Pengesahan Perda ini dinilai sebagai langkah penting dalam memberikan kepastian hukum bagi masyarakat adat sekaligus memperkuat peran mereka dalam pembangunan daerah berbasis nilai dan kearifan lokal.
Rapat Paripurna yang dipimpin Ketua DPRD Kuansing, H. Juprizal, SE, MSi, berlangsung kuorum dengan kehadiran 25 anggota DPRD. Hadir pula Bupati Kuansing, Dr. H. Suhardiman Amby, Forkopimda, Ninik Mamak, serta perwakilan Lembaga Adat Nagori.

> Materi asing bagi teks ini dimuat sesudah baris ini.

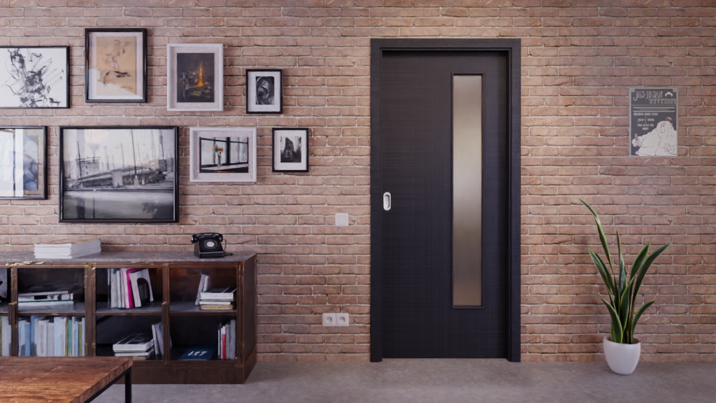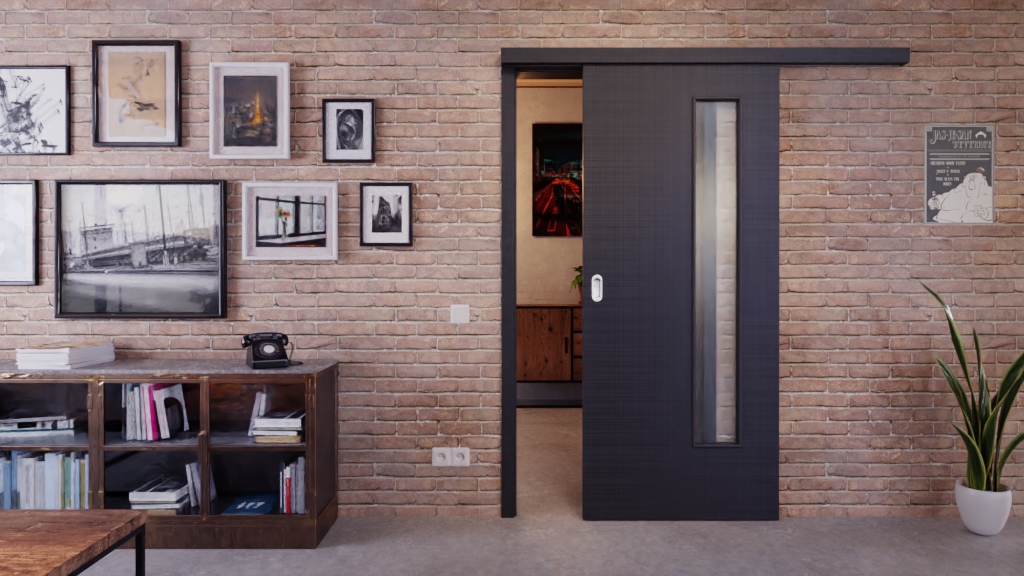 Nowoczesne drzwi przesuwne z odporną na ścieranie dekoracją, w tym prowadnicą podłogową: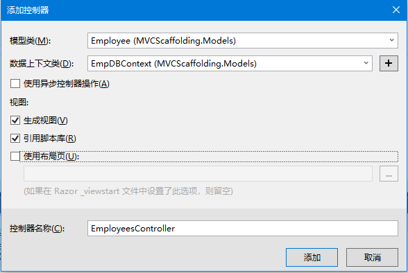 從模型類 下拉列表中選擇:Employee,并從數(shù)據(jù)上下文類 下拉列表中選擇EmpDBContext。還將看到默認(rèn)情況下選擇了控制器名稱。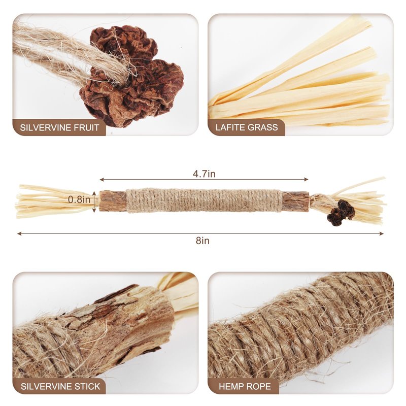- 【Nice Cat Chew Toys】4 pieces silver vine sticks cats in a package, sufficient quantity to meet the needs of the cat for play let them pet spend a good day. Please take proper supervision when cats playing to prevent them from swallowing the feather.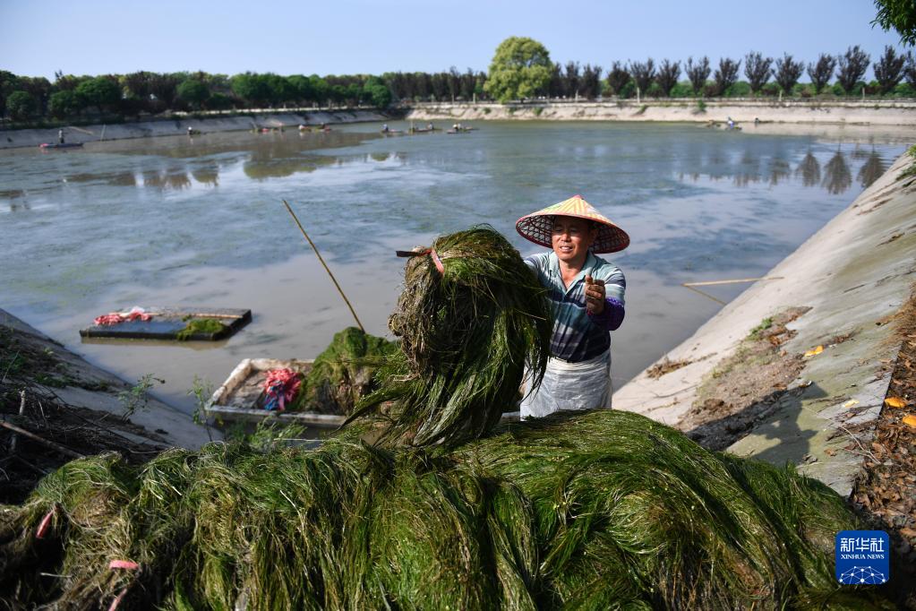 4月20日,工人在大通湖水生植物產業示范園內采收水草。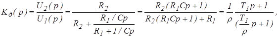 Передаточная функция дифференцирующего корректирующего устройства имеет вид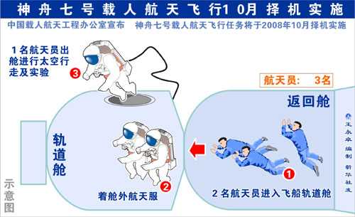 宇航员航行活动示意图中国载人航天工程新闻发言人16日向新华社记者透露,我国自主研制的舱外航天服,经过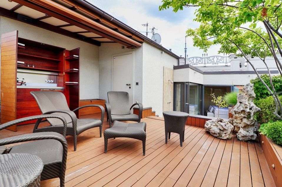 Výjimečný mezonetový byt 252 m2 k pronájmu po nákladné kompletní rekonstrukci s unikátní, střešní terasou 42,5 m2 a neopakovatelnými výhledy na staré město včetně panoramatického pohledu na Pražský hrad v 6.podlaží noblesního činžovního domu s výtahem na prestižní adrese v historickém centru Prahy, v ulici Pařížská, pár kroků od Vltavského nábřeží, Staroměstského náměstí, Národního divadla či Karlova mostu a pouhou jednu zastávku tramvají od stanice metra Staroměstská.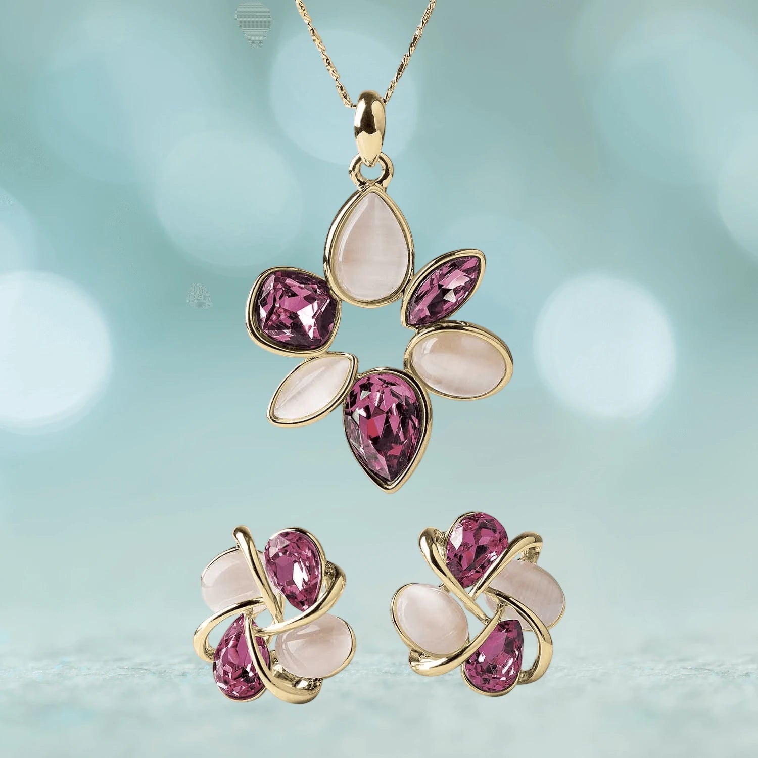 You will be sure to be completely captivated by this stunning masterpiece. The mixture of pear-shape, princess cuts, marquise and oval cuts add a vibrant intrigue. Available in luxurious rose or yellow gold plated finishes; in either necklace or earrings buy together for a great cost saving.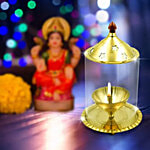 Shubhkart Udipi Diya - Daily Pooja Essentials, Balanced & Anti Heating Handle, Gold Colour, 80x40mm, 1 pc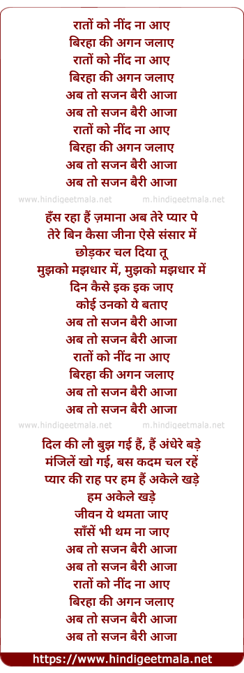 Lyrics of Sajan Bairi Aaja - रातों को नींद ना आए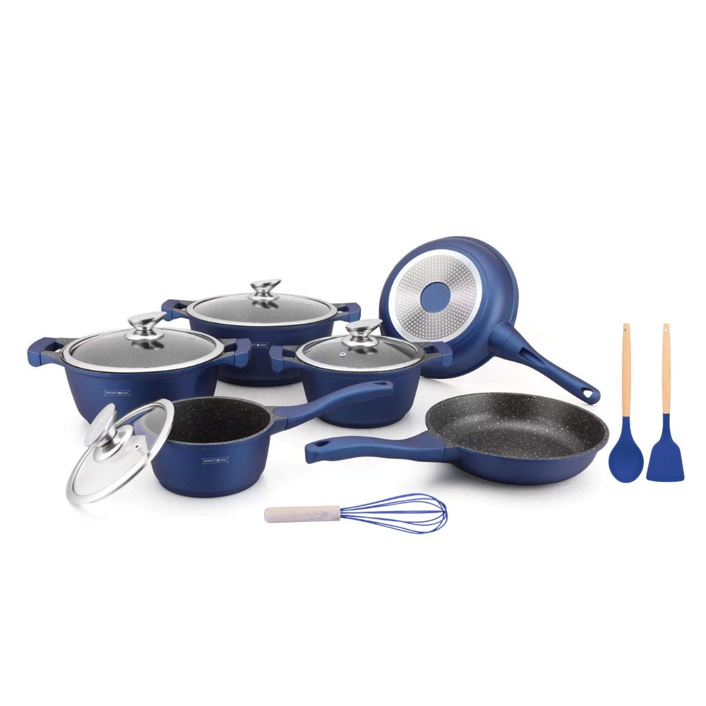 13-dielna súprava Royalty, nepriľnavý mramorový povrch, atraktívna dizajnová modrá farba.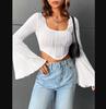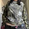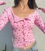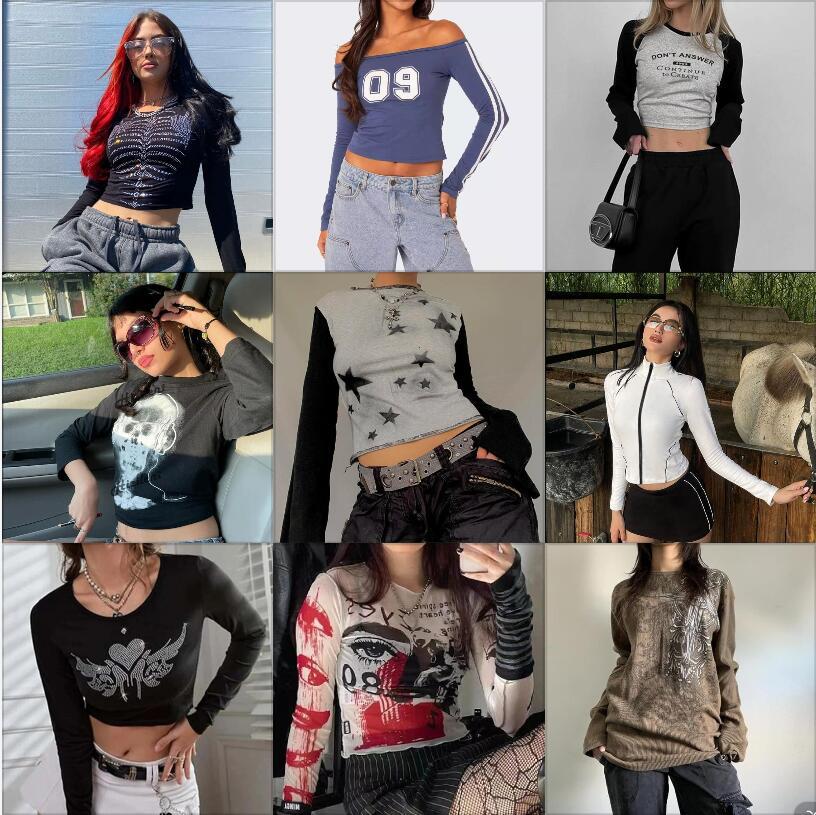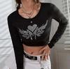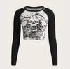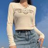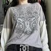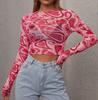 2025 transfronterizo para mujer AliExpress wish Amazon estampado largo T casual retro manga larga estampado top camiseta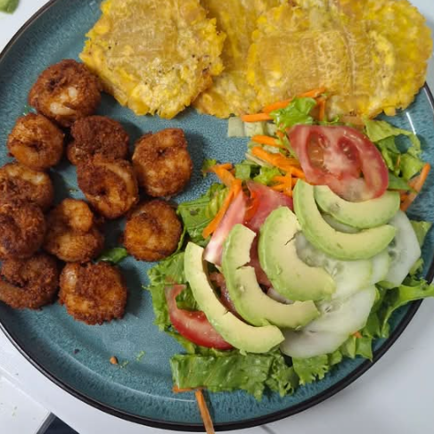 Camarones empanizados, ensalada verde (pepino con lechuga) con acompañamiento a elección. Incluye refresco natural.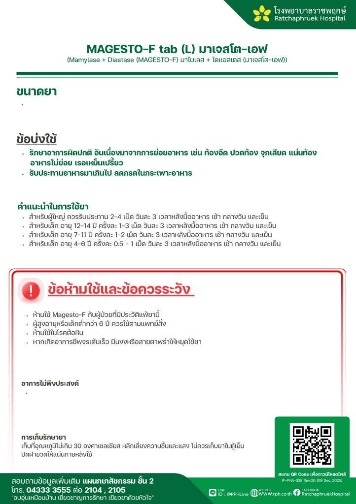 MAGESTO-F tab (L) มาเจสโต-เอฟ 19 มกราคม 256919 กุมภาพันธ์ 2026qualityDrug Information, ความรู้สุขภาพ FacebookFacebookXXLINELine
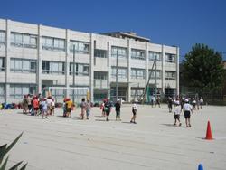 今日は2・4・6年生がソフトボール投げを行っていました。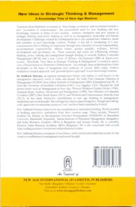 The book βNew Ideas in Strategic Thinking & Managementβ is rooted in a view of future based on βHarmonic Globalisationβ. Accordingly ideas in this book have been developed on the basis of integration and synthesis of various ideas using βcreative meditative research approachβ and βgrounded praxis approachβ to new knowledge creation.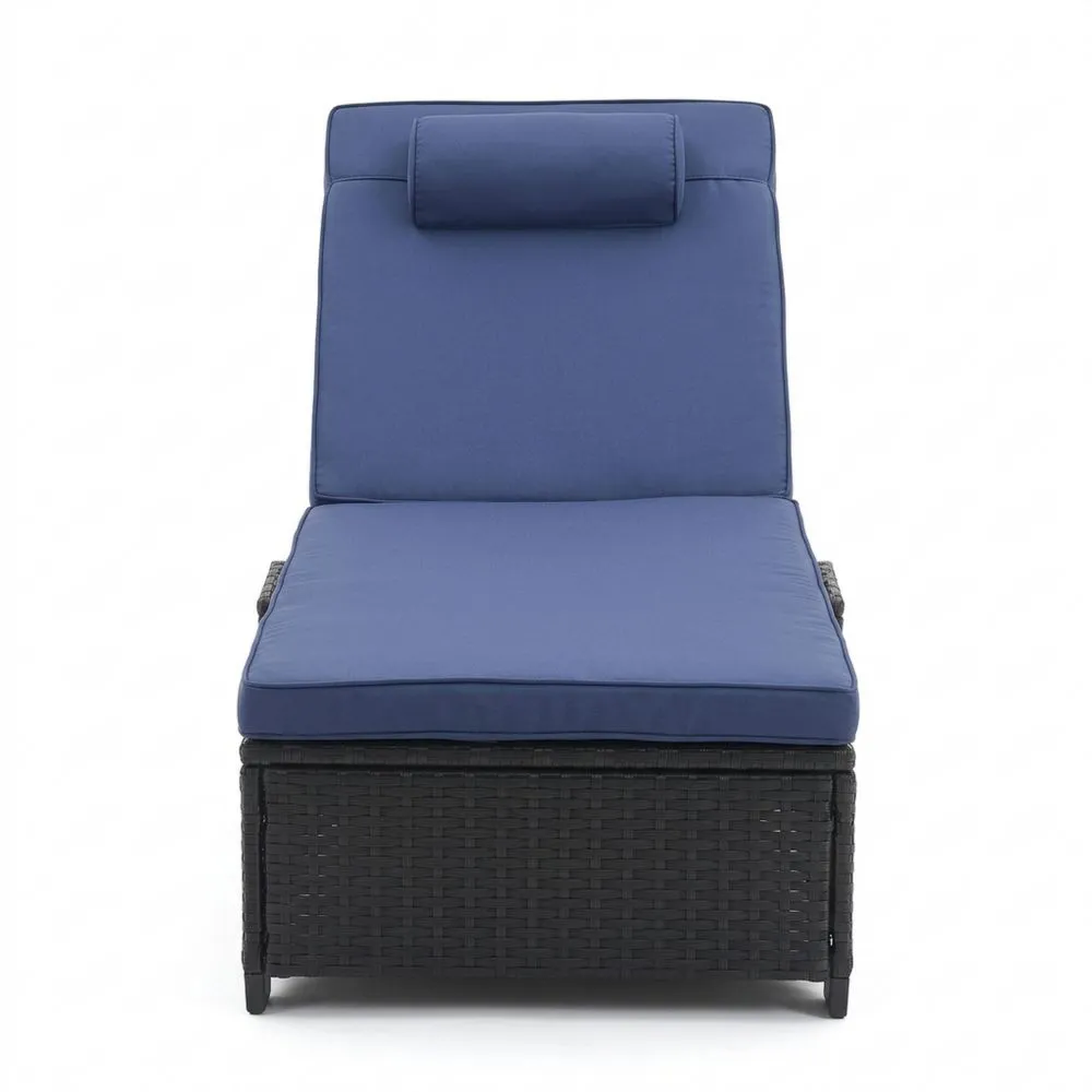 Polyrattan Gartenliege mit blauen Kissen Verstellbar

Ketua Pansus Ranperda MHA, Syafril, ST, menyebutkan bahwa Perda ini disusun melalui proses partisipatif dengan melibatkan pemangku adat dan berbagai pihak terkait, sehingga regulasi yang dihasilkan benar-benar mencerminkan kebutuhan masyarakat adat di Kuansing.
“Perda ini menjadi dasar pengakuan, perlindungan, dan pelibatan aktif masyarakat hukum adat dalam pembangunan daerah,” ujarnya.